The FINANCIAL — Most corporate financial reporting executives say they use non-GAAP financial measures to supplement GAAP information and help stakeholders better understand their financial performance, according to a new survey by KPMG LLP, the audit, tax, and advisory firm.
The respondents say that the use of non-GAAP measures tends to be consistent across their industries.
The survey of more than 475 attendees at KPMG’s 26th Annual Accounting and Financial Reporting Symposium found that a vast majority of organizations remain in the early stages of implementing the new revenue recognition accounting requirements, which may forecast a last-minute dash for some to the finish line in 2017.
Some 89 percent of the survey respondents said their companies use non-GAAP financial measures to help their stakeholders better understand their financial performance, 74 percent said the usage of non-GAAP measures was generally consistent across their industries, and 75 percent said the current financial reporting requirements can result in disclosures that are not sufficiently focused on their companies’ key performance information.

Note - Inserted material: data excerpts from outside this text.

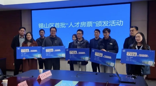 3月19日,5位人才精英從錫山區(qū)委人才辦、區(qū)科技局、區(qū)人力資源和社會(huì)保障局、區(qū)住房城鄉(xiāng)建設(shè)局相關(guān)負(fù)責(zé)人手中接過了總價(jià)75萬元的“人才房票”,成為錫山區(qū)首批“人才房票”申領(lǐng)成功者。據(jù)悉,錫山區(qū)“人才房票”購(gòu)房補(bǔ)貼覆蓋大專及以上學(xué)歷等不同類別的人才,補(bǔ)貼金額從5萬元至500萬元不等。首批申領(lǐng)者表示,這筆“人才房票”購(gòu)房補(bǔ)貼將進(jìn)一步推動(dòng)他們?cè)阱a山選房購(gòu)房的進(jìn)程。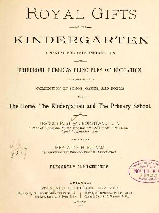 | Royal Gifts for the Kindergarten by Frances Post Van Norstrand and Alice H Putnam, 1888 | |||||||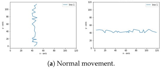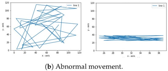 The step process is obtained by making a simulation with x and y coordinates. A normal movement is a straightforward step or a zigzag in a straight line. In the simulation, as shown in Figure 2, for the program created using the ascending sorting function. This sorting function can be placed on the x or y coordinates or both. The sorting function here is to sequence the steps so that the coordinates appear in the same direction. On the other hand, abnormal movements are back-and-forth motions. In Figure 3, the program does not use the sorting function, which means it only creates random points. Instead, the resulting dots are connected using lines. Figure 4 shows examples of normal and abnormal steps.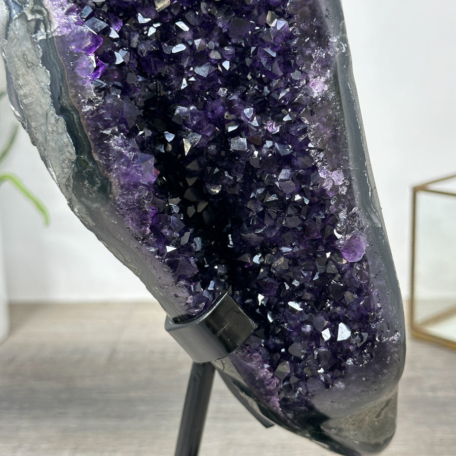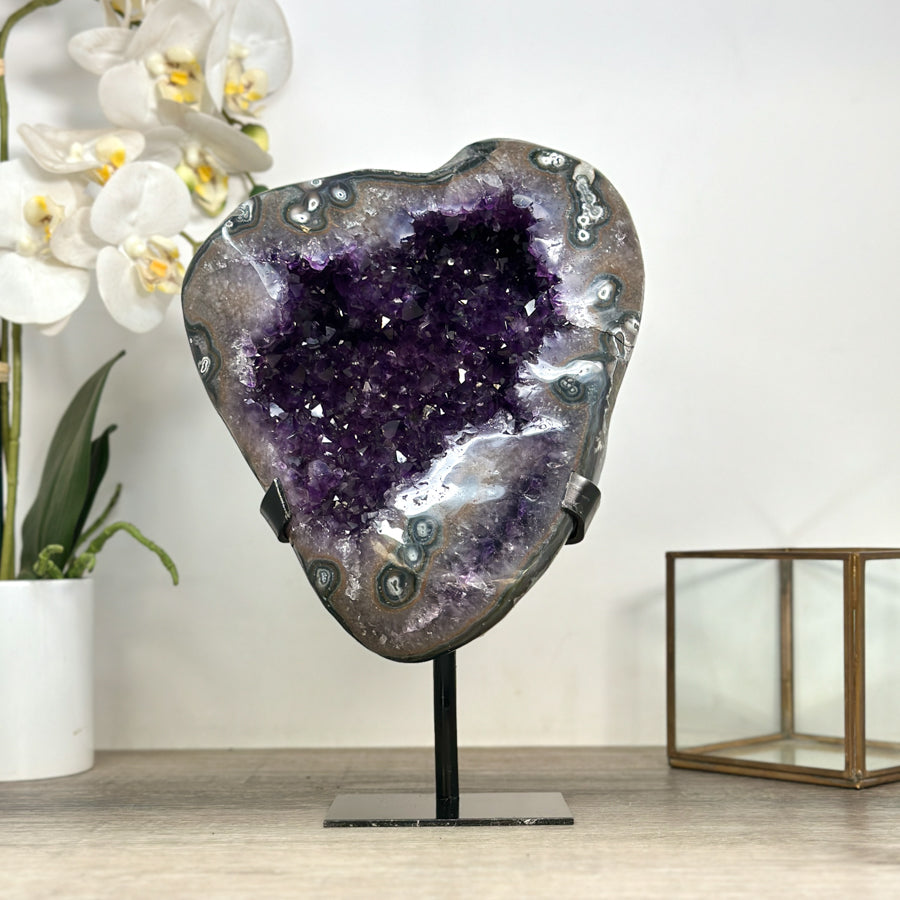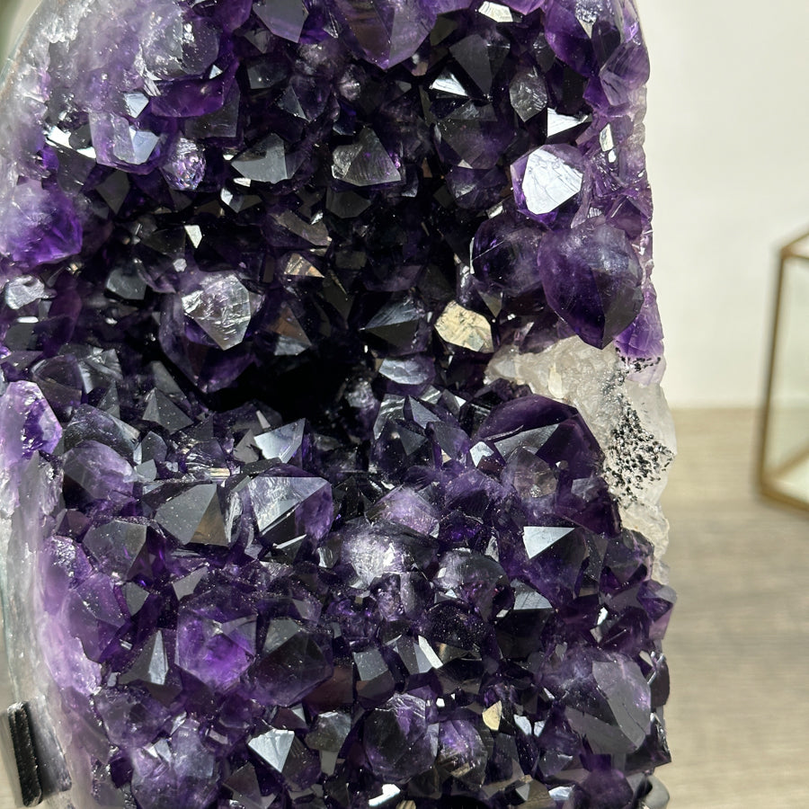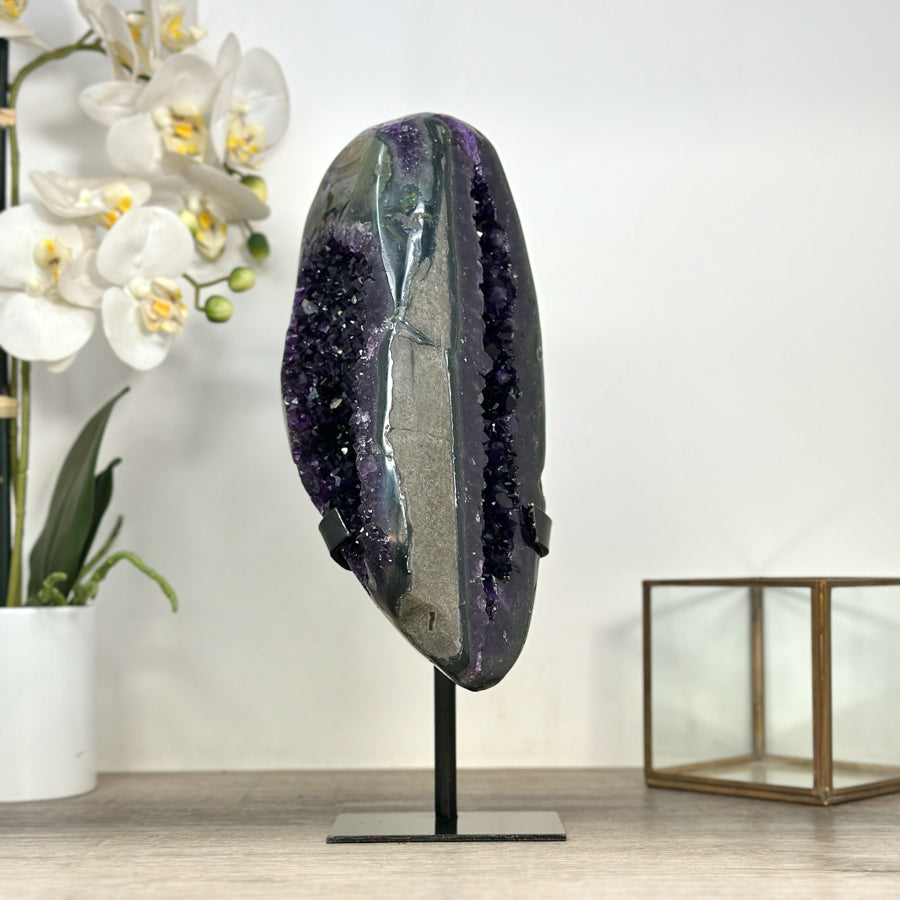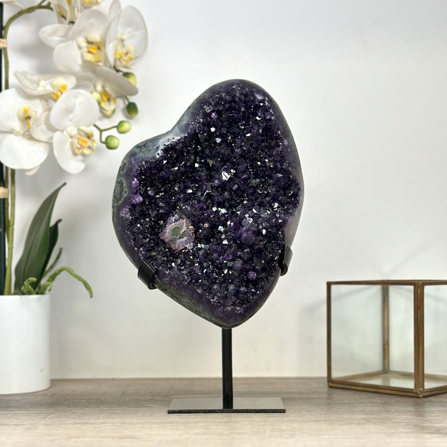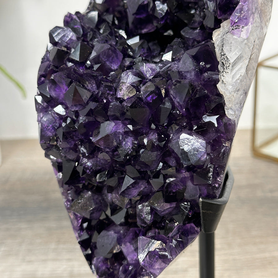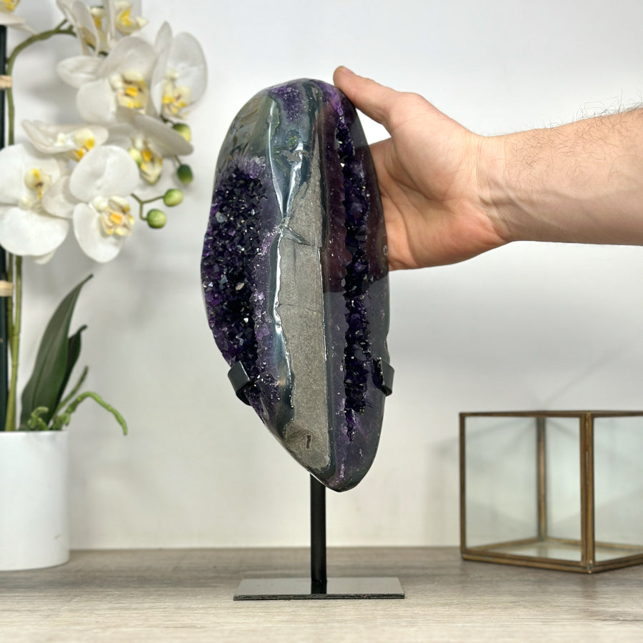 These carefully selected minerals are expertly mounted on handmade metal stands, allowing them to be displayed proudly in any room. With their stunning natural colors and unique characteristics, these mineral pieces will add a touch of elegance and sophistication to any space.

“These KPMG findings show organizations are willing to provide incremental information that supplements the information required by generally accepted accounting principles [GAAP],” said John Ebner, KPMG’s national managing partner – Audit. “Non-GAAP financial measures can highlight unusual activity as well as emerging trends. Clearly, investors are interested in and demanding these supplemental disclosures from companies.”
Revenue recognition remains one of the most significant, looming changes in accounting standards. Public companies must implement the new standard to report 2018 calendar-year financials. Yet just 1 percent of survey respondents say they’ve completed implementation, and only 13 percent have implementation in progress. Moreover, 19 percent have not begun considering its ramifications, and nearly two-thirds said they continue to assess the accounting impact.
“It’s becoming a critical issue, and emphasis should be on moving beyond assessment to systems and internal control development and full implementation,” said Ebner.
Among other items that keep financial reporting executives up at night:
Twenty-four percent said they worry about future regulatory mandates, such as changes to lease accounting standards,
Twenty-two percent have concerns about staying ahead of investor reporting demands, such as corporate social responsibility and non-financial information, and
Maintaining effective internal control over financial reporting was a close third, cited by 21 percent of the respondents.